• [PROBLEM DETAILS] Copy everything in the listing below word for word, apart from any images.

• [DATA SEGMENT]
=======
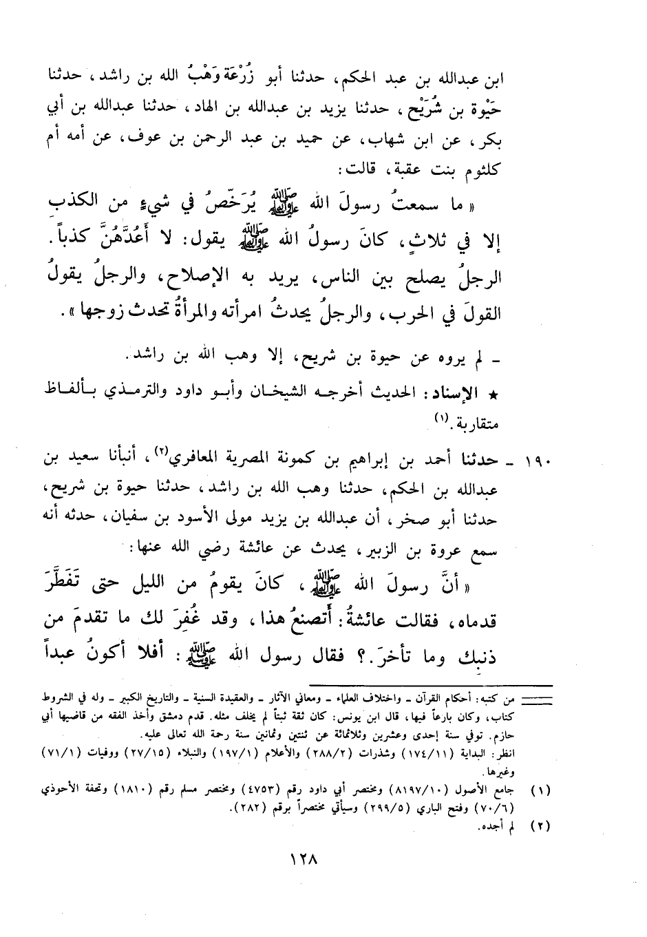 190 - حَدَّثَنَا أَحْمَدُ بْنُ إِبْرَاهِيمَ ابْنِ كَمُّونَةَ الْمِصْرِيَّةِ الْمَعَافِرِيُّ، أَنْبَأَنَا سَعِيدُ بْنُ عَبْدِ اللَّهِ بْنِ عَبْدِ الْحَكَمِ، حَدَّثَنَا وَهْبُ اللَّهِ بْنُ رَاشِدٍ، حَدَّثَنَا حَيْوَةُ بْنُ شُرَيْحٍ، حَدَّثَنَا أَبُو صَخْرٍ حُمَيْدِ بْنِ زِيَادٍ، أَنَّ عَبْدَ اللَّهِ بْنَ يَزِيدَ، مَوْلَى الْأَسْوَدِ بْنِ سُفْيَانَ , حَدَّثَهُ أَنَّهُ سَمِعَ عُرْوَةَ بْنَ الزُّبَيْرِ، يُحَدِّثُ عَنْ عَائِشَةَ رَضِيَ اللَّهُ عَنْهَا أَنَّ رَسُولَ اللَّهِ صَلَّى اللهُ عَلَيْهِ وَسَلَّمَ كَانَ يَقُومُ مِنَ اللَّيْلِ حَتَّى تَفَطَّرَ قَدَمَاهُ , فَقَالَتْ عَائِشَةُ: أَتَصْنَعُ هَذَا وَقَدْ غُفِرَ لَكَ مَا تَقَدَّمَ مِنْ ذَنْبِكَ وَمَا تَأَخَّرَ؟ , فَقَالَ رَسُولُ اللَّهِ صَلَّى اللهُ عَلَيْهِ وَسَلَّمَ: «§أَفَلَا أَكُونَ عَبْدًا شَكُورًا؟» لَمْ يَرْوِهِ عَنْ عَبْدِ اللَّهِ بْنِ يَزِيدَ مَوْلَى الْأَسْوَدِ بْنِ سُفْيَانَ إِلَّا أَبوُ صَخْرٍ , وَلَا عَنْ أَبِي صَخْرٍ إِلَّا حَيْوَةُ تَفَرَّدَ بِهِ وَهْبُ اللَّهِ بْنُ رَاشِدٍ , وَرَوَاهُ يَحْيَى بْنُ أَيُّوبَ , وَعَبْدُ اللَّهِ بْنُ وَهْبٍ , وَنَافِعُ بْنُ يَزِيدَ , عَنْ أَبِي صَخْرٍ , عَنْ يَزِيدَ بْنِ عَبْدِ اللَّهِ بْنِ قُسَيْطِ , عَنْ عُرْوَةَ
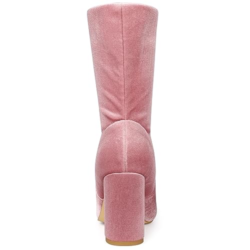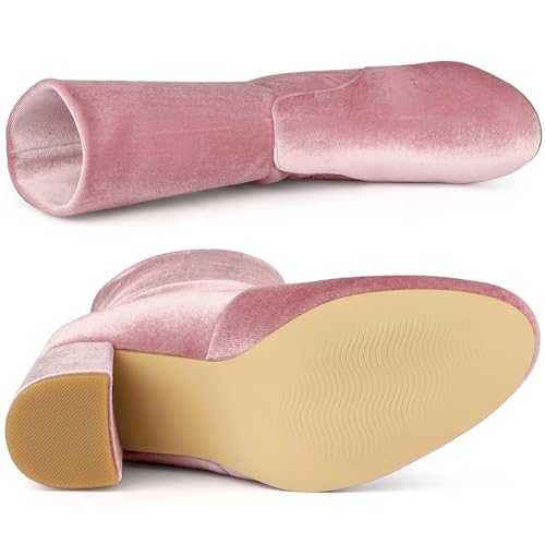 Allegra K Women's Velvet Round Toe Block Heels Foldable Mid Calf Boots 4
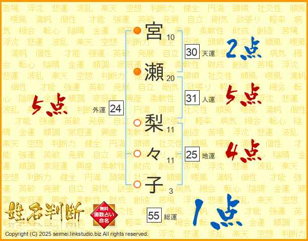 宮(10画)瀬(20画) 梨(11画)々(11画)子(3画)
=======
• [YOUR RESPONSE]
 190 - حَدَّثَنَا أَحْمَدُ بْنُ إِبْرَاهِيمَ ابْنِ كَمُّونَةَ الْمِصْرِيَّةِ الْمَعَافِرِيُّ، أَنْبَأَنَا سَعِيدُ بْنُ عَبْدِ اللَّهِ بْنِ عَبْدِ الْحَكَمِ، حَدَّثَنَا وَهْبُ اللَّهِ بْنُ رَاشِدٍ، حَدَّثَنَا حَيْوَةُ بْنُ شُرَيْحٍ، حَدَّثَنَا أَبُو صَخْرٍ حُمَيْدِ بْنِ زِيَادٍ، أَنَّ عَبْدَ اللَّهِ بْنَ يَزِيدَ، مَوْلَى الْأَسْوَدِ بْنِ سُفْيَانَ , حَدَّثَهُ أَنَّهُ سَمِعَ عُرْوَةَ بْنَ الزُّبَيْرِ، يُحَدِّثُ عَنْ عَائِشَةَ رَضِيَ اللَّهُ عَنْهَا أَنَّ رَسُولَ اللَّهِ صَلَّى اللهُ عَلَيْهِ وَسَلَّمَ كَانَ يَقُومُ مِنَ اللَّيْلِ حَتَّى تَفَطَّرَ قَدَمَاهُ , فَقَالَتْ عَائِشَةُ: أَتَصْنَعُ هَذَا وَقَدْ غُفِرَ لَكَ مَا تَقَدَّمَ مِنْ ذَنْبِكَ وَمَا تَأَخَّرَ؟ , فَقَالَ رَسُولُ اللَّهِ صَلَّى اللهُ عَلَيْهِ وَسَلَّمَ: «§أَفَلَا أَكُونَ عَبْدًا شَكُورًا؟» لَمْ يَرْوِهِ عَنْ عَبْدِ اللَّهِ بْنِ يَزِيدَ مَوْلَى الْأَسْوَدِ بْنِ سُفْيَانَ إِلَّا أَبوُ صَخْرٍ , وَلَا عَنْ أَبِي صَخْرٍ إِلَّا حَيْوَةُ تَفَرَّدَ بِهِ وَهْبُ اللَّهِ بْنُ رَاشِدٍ , وَرَوَاهُ يَحْيَى بْنُ أَيُّوبَ , وَعَبْدُ اللَّهِ بْنُ وَهْبٍ , وَنَافِعُ بْنُ يَزِيدَ , عَنْ أَبِي صَخْرٍ , عَنْ يَزِيدَ بْنِ عَبْدِ اللَّهِ بْنِ قُسَيْطِ , عَنْ عُرْوَةَ
 Allegra K Women's Velvet Round Toe Block Heels Foldable Mid Calf Boots 4
 宮(10画)瀬(20画) 梨(11画)々(11画)子(3画)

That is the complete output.